Marvellous is his courage. Unfailing is his enthusiasm.

He is free of worries; he is careful. If he gets involved in something, to keep awake


the entire night is child’s play to him, the sunlight in a summer afternoon is the
moonlight of spring for him, the rains in the monsoons are showers of cowers in
celebration, the stillness of the cremation grounds is the warbling of birds in a
garden. If he desires, he can enlighten society and the community, keep the honour
of the country, brighten the face of the nation, and even overset big imperial powers.
The upliftment of the downtrodden and the redemption of the world are in his hands.
He is the most skilled player of this vast stage of this world.
If the sacrifice of blood is needed, who but a youth can give it? If you want a
sacrifice, then you will have to look to a youth for it. It is a youth who is the shaper of
the destiny of any community. A western scholar has rightly said, ‘It is an established
truism that young men of today are the countrymen of tomorrow, holding in their
hands the high destinies of the Land. They are the seeds that spring and bear fruit.’ It
means that the youth of today is the maker of a country’s destiny. The young are the
seeds of the success of the future.

Open the pages of the history of the world; it is full of immortal messages written in
the blood of the young. Sift through the descriptions of revolutionary transformations
in the world, and one will find only such young people, whom the wise have called
‘mad’ and ‘misguided’. But what cynics can understand, what men of steel those
Japanese youths were, who, bred by patriotism, build bridges over moats of forts
with their corpses! A true youth embraces death without hesitation, digs in his feet
with this chest thrust out in front of rices, smiles even as he sits on the mouth of
cannon, bursts into the national song to the jangle of iron cuffs, and swings on the
gallows with a mocking laugh. It is the youth who gains weight on the day he is to be
hanged, it is the youth who hums an inspiring mantra as he grinds the millstone in
the jail, and he lifts his country out of darkness only by sinking in the darkness of the
jail cell. Patrick Henry, the leader of the American youth, once said in one of his
passionate speeches, ‘Life is a dearer within the prison cell, where it is the price paid
for the freedom’s fight.’ (Originally in English.) He meant that though life outside the
jail was precious, life within the four walls of a jail was priceless, because there it is
paid as the price of the freedom struggle.

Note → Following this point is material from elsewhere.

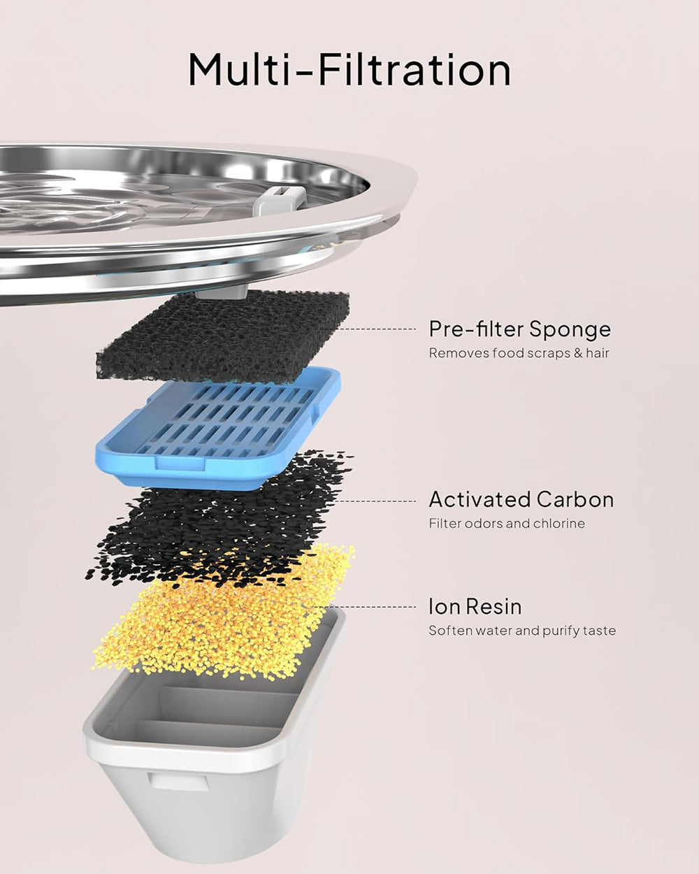 Every 2–4 weeks is ideal, depending on water quality and number of pets. The built-in indicator helps you keep track easily.

Since the leader is so inspiring, the youth of America has the courage to give this
rousing declaration, ‘We believe that when a government becomes destructive of the
natural right of man, it is the man’s duty to destroy that
Government.’ (Originally in English.) This means that the youth of America believe
that it is mankind’s duty to destroy a government that denies fundamental rights to
people.

O, the youth of India! Why do you lie slumbering in this haze of ignorance? Wake up,
open your eyes, look around, the sun is ready to dawn in the eastern sky. Now don’t
keep sleeping. If you have to sleep, then sleep in the arms of eternal sleep. Why
sleep in the bosom of cowardice? Renounce worldly ties of love and affection, and
declare:

Farewell! Farewell my true Love


The army is on the move
And if I stayed with you Love
A coward I shall prove. (Originally in English.)

Your mother, worthy of your reverence, the most adored, Goddess Durga, giver of
food and nourishment, your goddess with a trident, your goddess on a lion, the
verdant deity of abundance is weeping bitterly today. Does her distress not disturb
you even a tiny bit? May your supineness be damned! Even your ancestors bow
their heads in shame at this impotence. If there is any shame in any part of your
body, then get up and honour your mother’s milk, pick up the challenge of redeeming
her honour, take a pledge for every teardrop that she sheds, address her sorrow,
and with a free throat, utter – Vande Mataram!